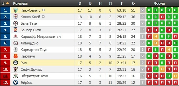 Турнирная таблица:
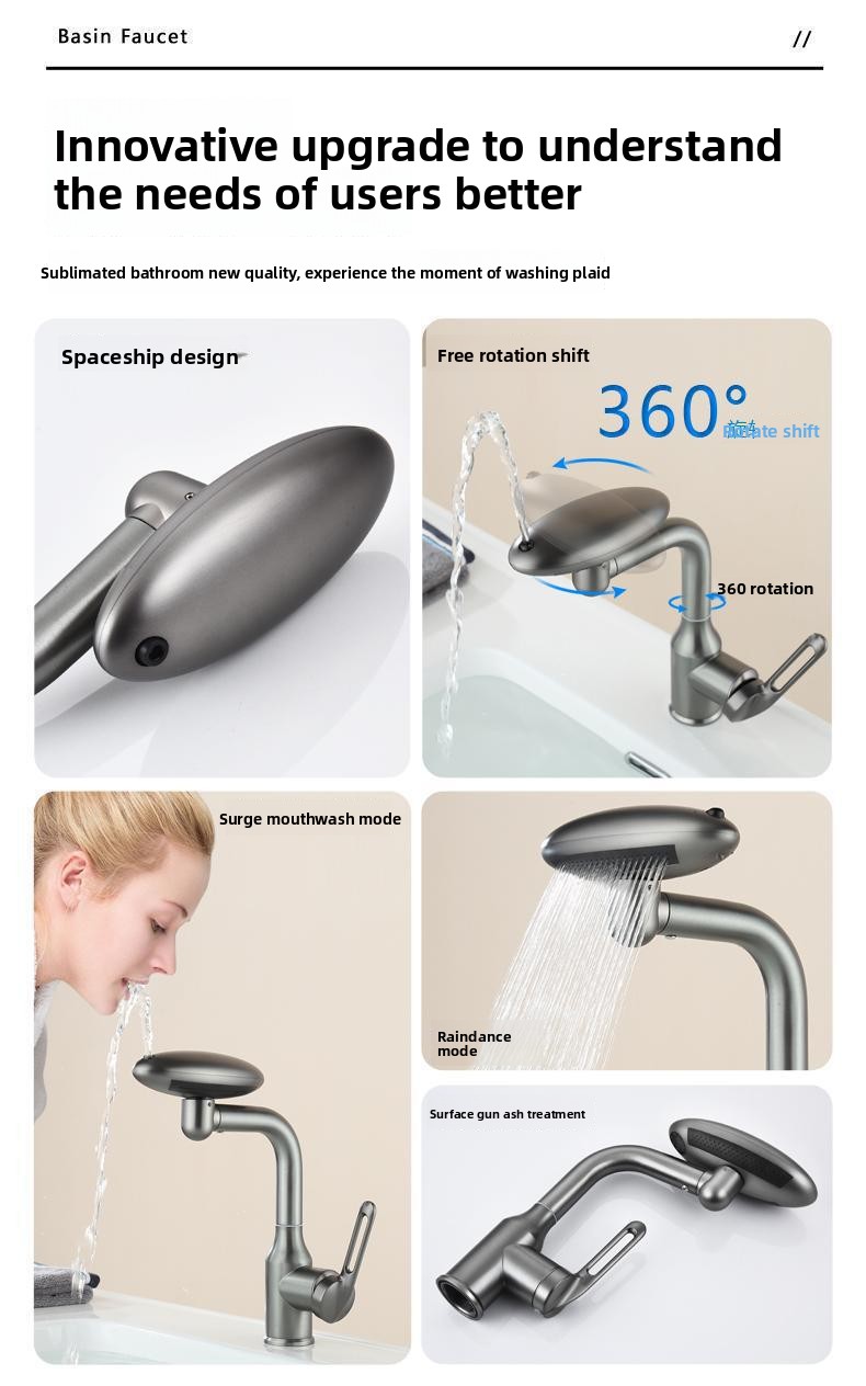 This 360° swivel stainless steel faucet has been an outstanding addition to my bathroom. the high-quality stainless steel construction gives it a sleek and modern appearance that fits perfectly with my bathroom decor. the 360° swivel feature is not only unique but also highly practical, allowing for easy cleaning and filling of large containers. installation was straightforward and the faucet functions beautifully. the water flow is strong and steady, and the handle is smooth and responsive. the faucet also resists water spots and fingerprints, which keeps it looking clean and shiny. it has significantly improved the usability of my bathroom sink and added a touch of contemporary style. i am extremely pleased with this purchase and have already recommended it to friends and family. if you’re looking for a stylish, durable, and highly functional faucet, this one is an excellent choice.
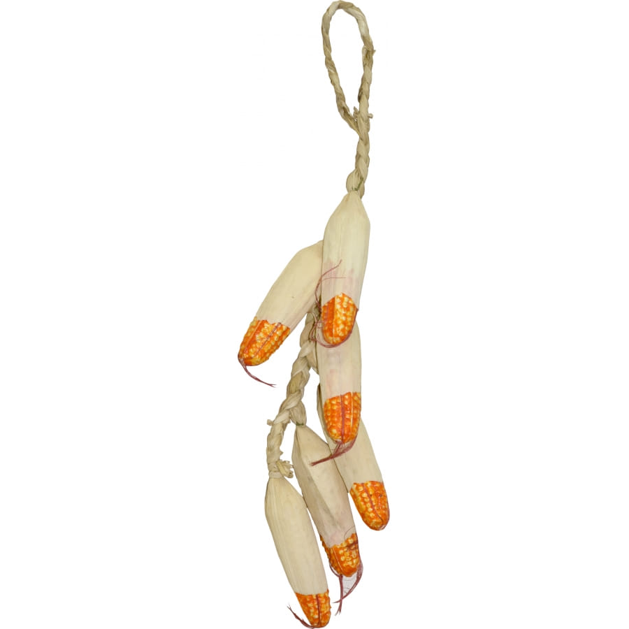Tresse de couleur beige avec 6 maïs accrochés au bout. La tresse mesure 56 centimètres de longueur. Les maïs sont de couleur beige et orange et mesurent chacun 13 centimètres. Servez-vous de cet accessoire pour compléter une décoration basée sur le thème de la nature ou des légumes.
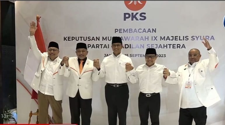 “Hasil keputusan, memperkuat keputusan Majelis Syuro ke-8 yang mengusung Bapak Anies Baswedan sebagai bacapres pada Pilpres 2024. Kedua, memutuskan Bapak Abdul Muhaimin Iskandar sebagai bakal calon Wakil Presiden Repubik Indonesia mendampingi Anies Baswedan pada Pilpres 2024,” kata Presiden PKS Ahmad Syaikhu, di DPP PKS, Jakarta Selatan, Jum’at (15/9/2023).
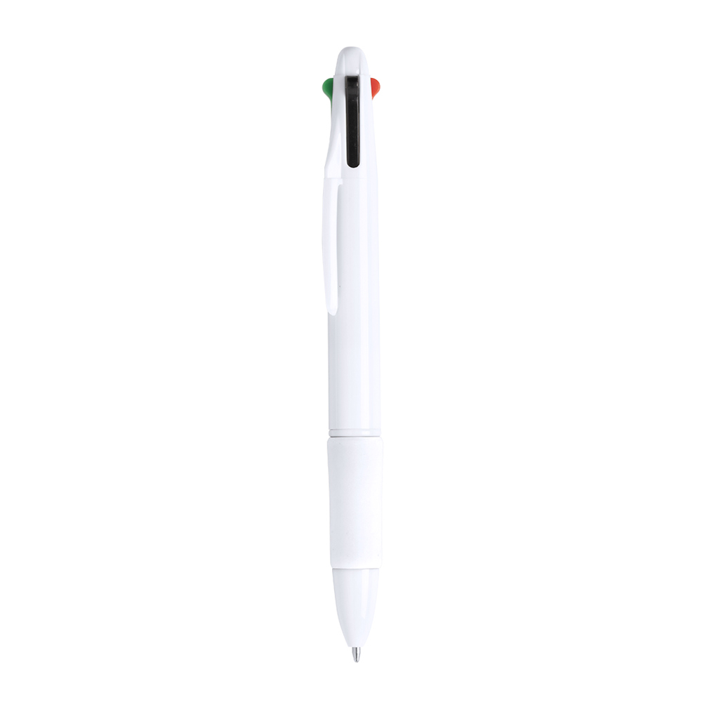 Balpen 4-in-1 met uitschuifbaar push-upmechanisme, klassiek ontwerp en effen witte body. Zacht aanvoelende, kleurgrip in heldere tinten. 4 cartridges in blauwe, rode, zwarte en groene inkt.

_ _ _

The expected response is every entry above, repeated exactly, pictures removed.

 Турнирная таблица:
 This 360° swivel stainless steel faucet has been an outstanding addition to my bathroom. the high-quality stainless steel construction gives it a sleek and modern appearance that fits perfectly with my bathroom decor. the 360° swivel feature is not only unique but also highly practical, allowing for easy cleaning and filling of large containers. installation was straightforward and the faucet functions beautifully. the water flow is strong and steady, and the handle is smooth and responsive. the faucet also resists water spots and fingerprints, which keeps it looking clean and shiny. it has significantly improved the usability of my bathroom sink and added a touch of contemporary style. i am extremely pleased with this purchase and have already recommended it to friends and family. if you’re looking for a stylish, durable, and highly functional faucet, this one is an excellent choice.
Tresse de couleur beige avec 6 maïs accrochés au bout. La tresse mesure 56 centimètres de longueur. Les maïs sont de couleur beige et orange et mesurent chacun 13 centimètres. Servez-vous de cet accessoire pour compléter une décoration basée sur le thème de la nature ou des légumes.
 “Hasil keputusan, memperkuat keputusan Majelis Syuro ke-8 yang mengusung Bapak Anies Baswedan sebagai bacapres pada Pilpres 2024. Kedua, memutuskan Bapak Abdul Muhaimin Iskandar sebagai bakal calon Wakil Presiden Repubik Indonesia mendampingi Anies Baswedan pada Pilpres 2024,” kata Presiden PKS Ahmad Syaikhu, di DPP PKS, Jakarta Selatan, Jum’at (15/9/2023).
 Balpen 4-in-1 met uitschuifbaar push-upmechanisme, klassiek ontwerp en effen witte body. Zacht aanvoelende, kleurgrip in heldere tinten. 4 cartridges in blauwe, rode, zwarte en groene inkt.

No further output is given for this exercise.